Everything You Know About Space is Wrong
Matt Brown Batsford £9.99 HB
If a book promising that it “boldly goes where no nitpicker has gone before” appeals to you, then Matt Brown’s latest offering will not disappoint. Everything You Know About Space is
Wrong is delightfully humorous and scientifically accurate in its space pedantry.
The book sets out to right inaccuracies and misconceptions about space partly as a “springboard to higher things”, pledging fun along the way. Brown’s lively style and choice selection of factoids and anecdotes fully delivers. Who knew the myth of the Great Wall of China being the only human construction visible from space dates back to the writings of 17th century English antiquarian William Stukeley? Or that the discoverer of Pluto, Clyde Tombaugh, will be the first human to leave our Solar System and reach interstellar space? A sample of his ashes is aboard NASA’s New Horizons probe, which is currently somewhere deep in the Kuiper Belt.

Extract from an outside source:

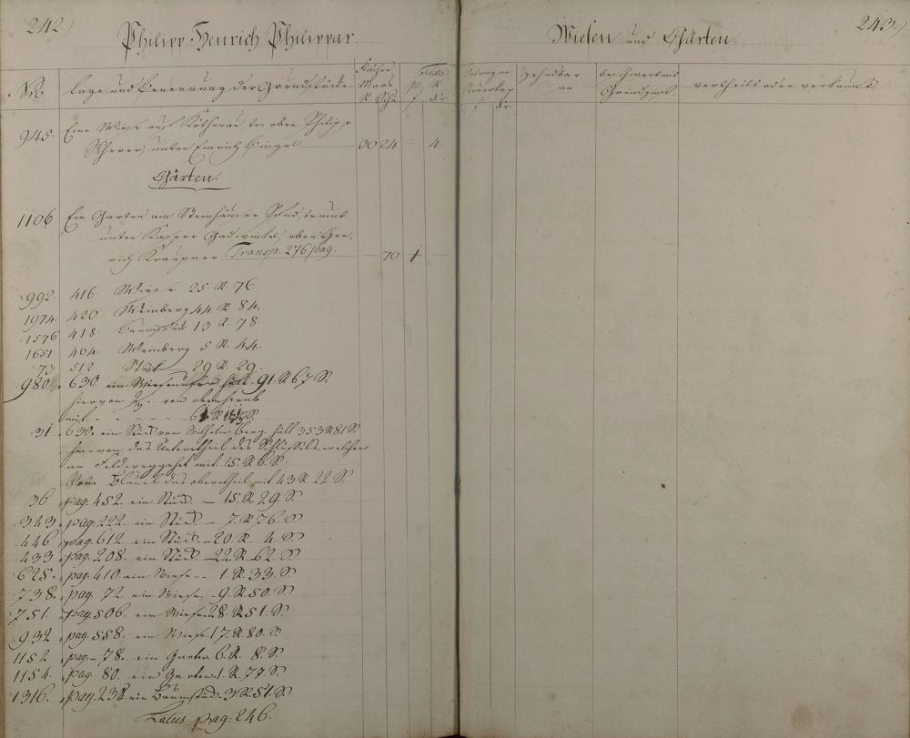 Lagerbuch aller Äcker, Wiesen, Gärten, Baumstücke und Weinberge nach Besitzern aufgenommen vom Oranien-Nassauischen Kantor D. Feller

Brown also includes some cheeky toilet humour, which will no doubt delight younger readers. Apparently 96 plastic bags of poo, or ‘defecation collection devices’, were left behind on the Moon by Apollo astronauts. Then there’s an hilarious ‘whodunnit’ moment from a NASA transcript of the astronauts aboard Apollo 10 discussing an escaped floating number two. Even the most serious reader may have difficulty keeping a straight face at astronaut Tom Stafford’s defence statement: “Mine was a little more sticky than that.”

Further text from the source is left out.